I have been using CrossRef for some time now and mostly for linking journal article DOI’s to references DOIs as to create a graph to explore the research field.
I started to look into more aspects of the API and this is my current use case:
If I find an interesting article by a certain author, I often like to find more works by that author.
This is easy to do if you have the author ORCID, but here is the catch: 92% of all works in CrossRef is attributed to authors without an ORCID. The latter can be inferred by comparing the total-results of these API calls: “/works?rows=0” and “/works?filter=has-orcid:true&rows=0”.
How do you find works of a specific author when you use query.author= without going through 10k plus results? Even if I locate the correct author name, how do I filter my results to include works of only that author?
How can we refine the query so it will match the string in the query.author exactly and not all matching strings?
Would it be useful to combine query.author with other queries such as query.affiliation to narrow down our results?
So the best way is to use the query.author route but this would return all of the results for all names that are entered in the search.
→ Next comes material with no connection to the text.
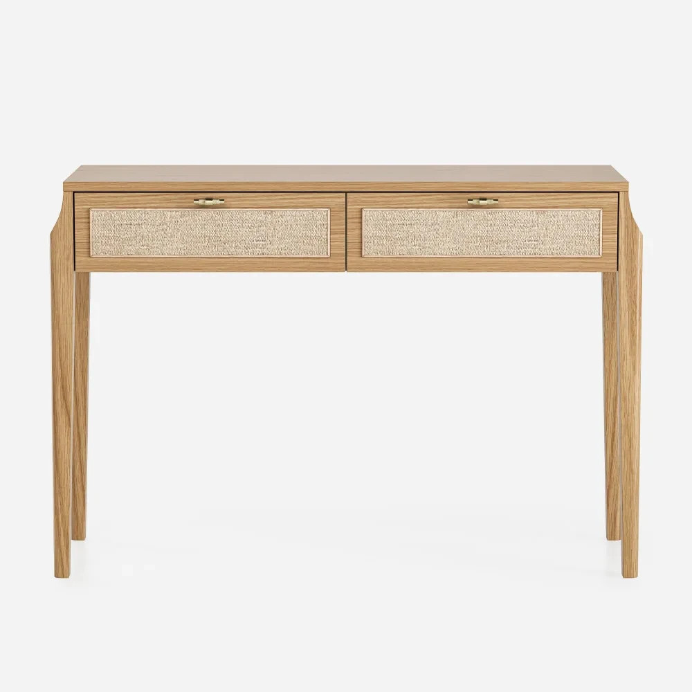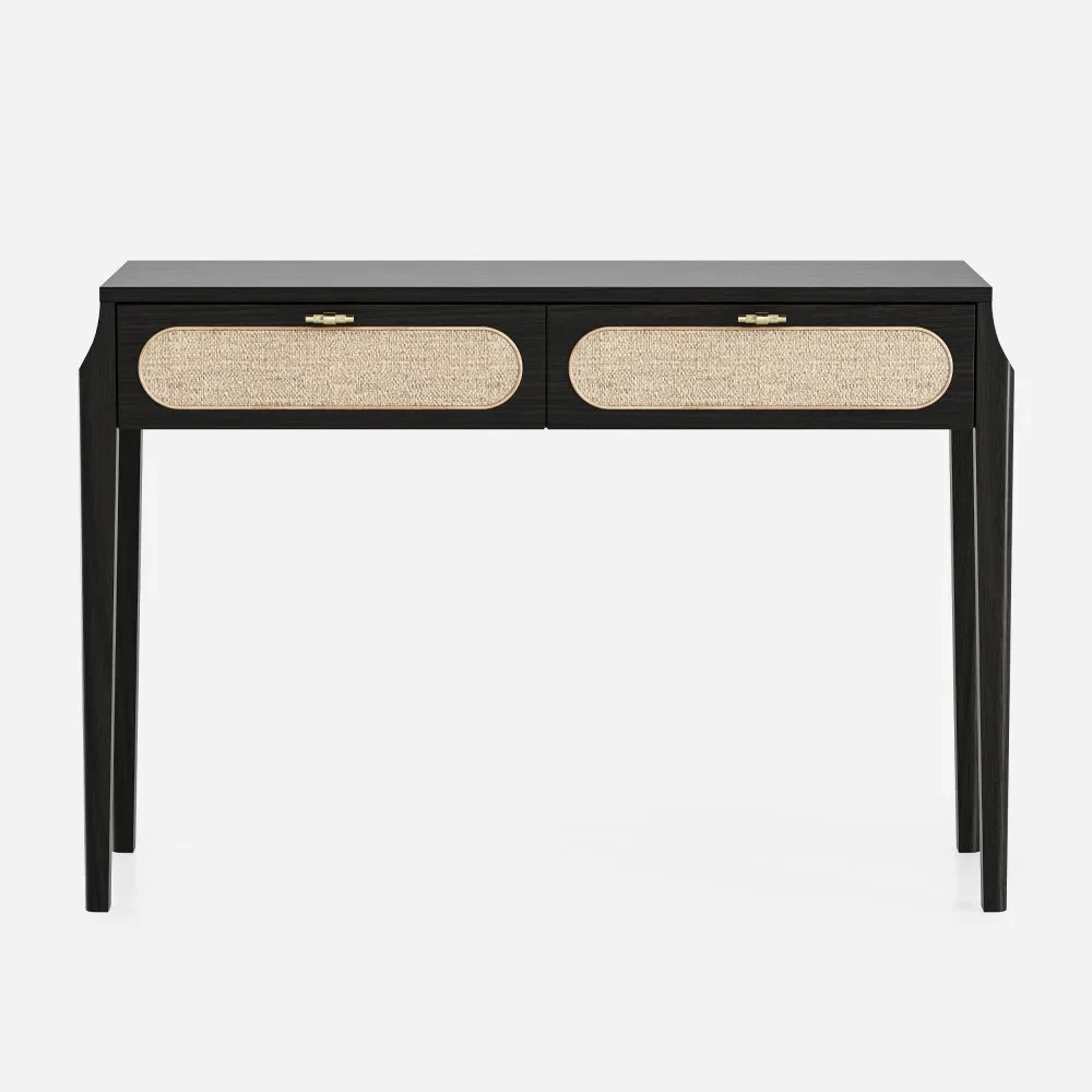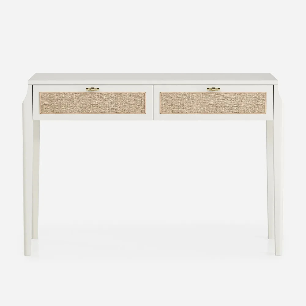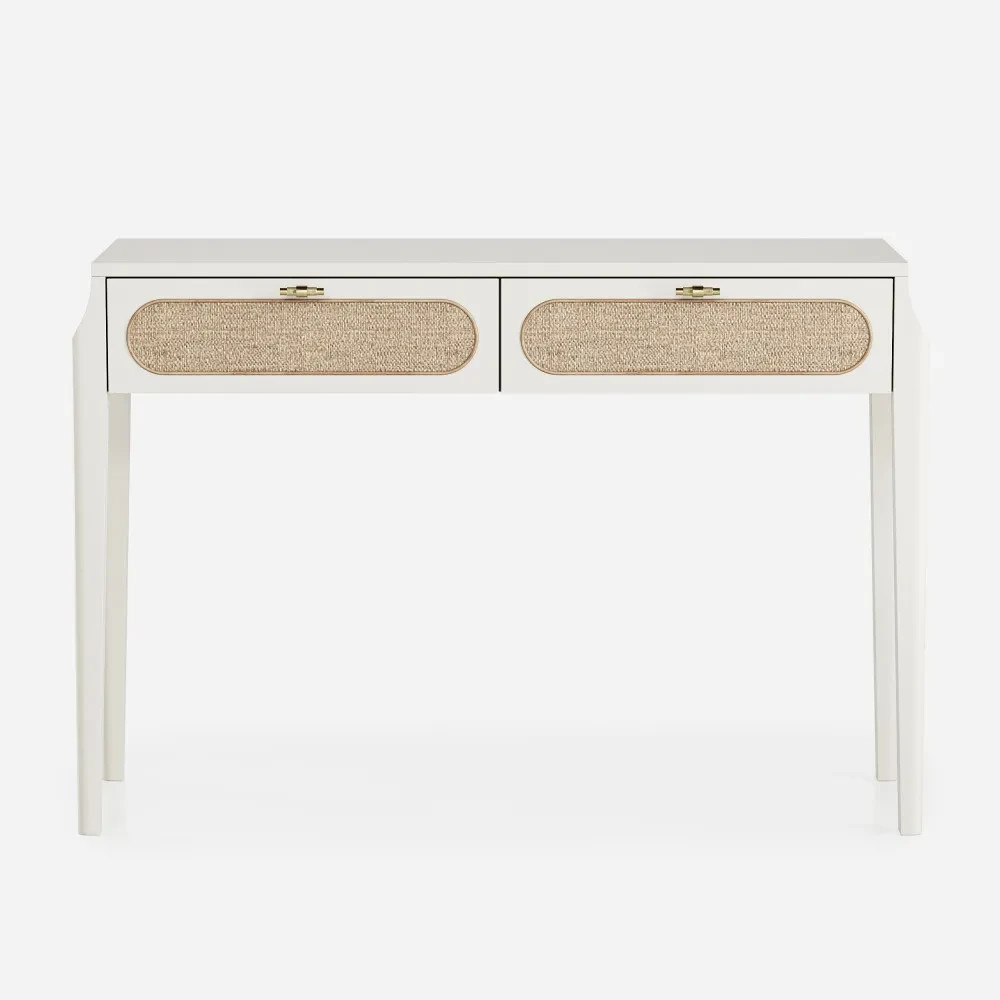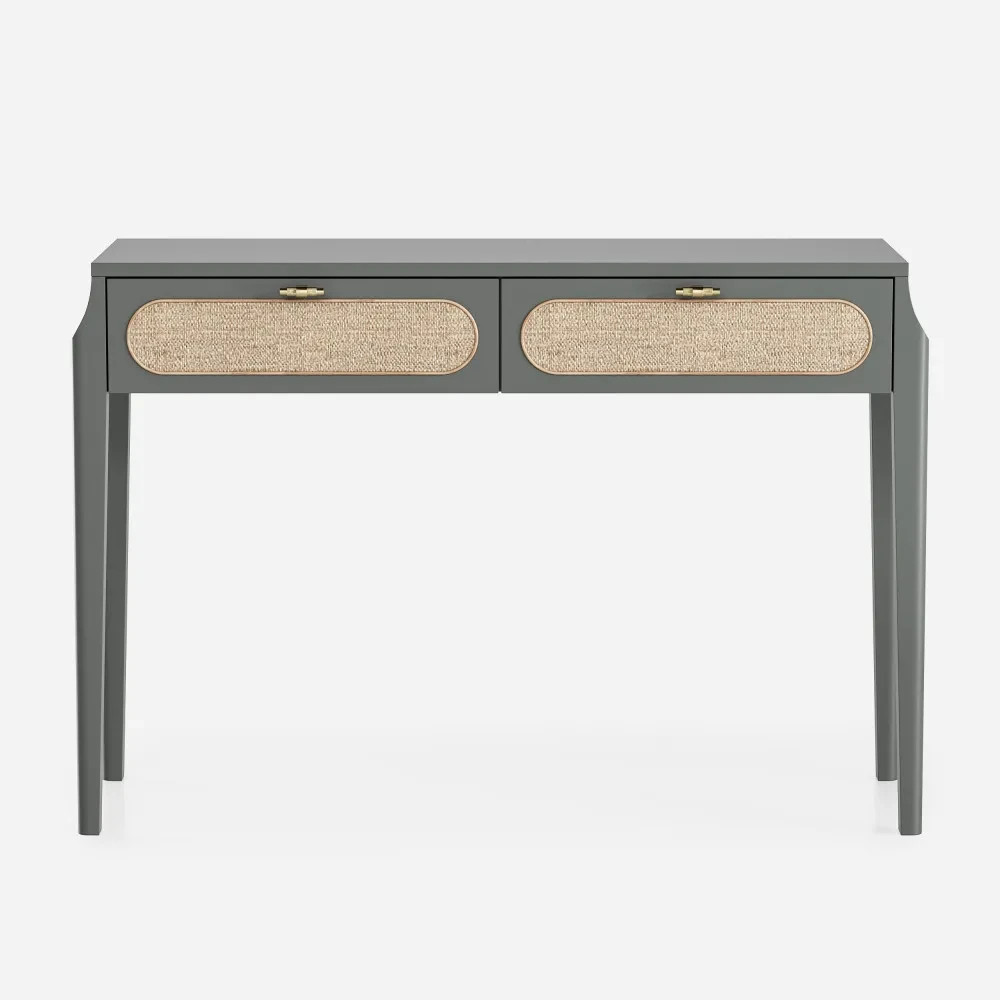 Консоль подвесная с ротангом tioTeo Vishera морского цвета выполнена из МДФ, покрытого матовой итальянской эмалью. В основе дизайна коллекции – оригинальный фасадный декор, выполненный из натурального ротангового полотна.

From here there is no way to only return the exact matches unless it was done programmatically. The API should return the top “scoring” results at the top which would be the results that return the most matches from the query itself. So you might find the results you need are only in the first page and the other results are just very slight matches to the query search.
Adding the query.affiliation I don’t think will help as I believe that it will be doing a separate query rather than doing an “AND” query.
Can you send me over some examples so that we can have a look at them and see how we might be able to improve the results.
I am looking for the author named Pathak (Arjun K.) who worked for Ames Laboratory on materials research until 2019. The author does not have an ORCID in CrossRef for articles published before 2019.
This leaves me between a rock and a hard place as I cannot perform an exact query on surname and initials, nor add a filter on affiliation. Therefore, I seem unable to find any woks published by a single author in CrossRef.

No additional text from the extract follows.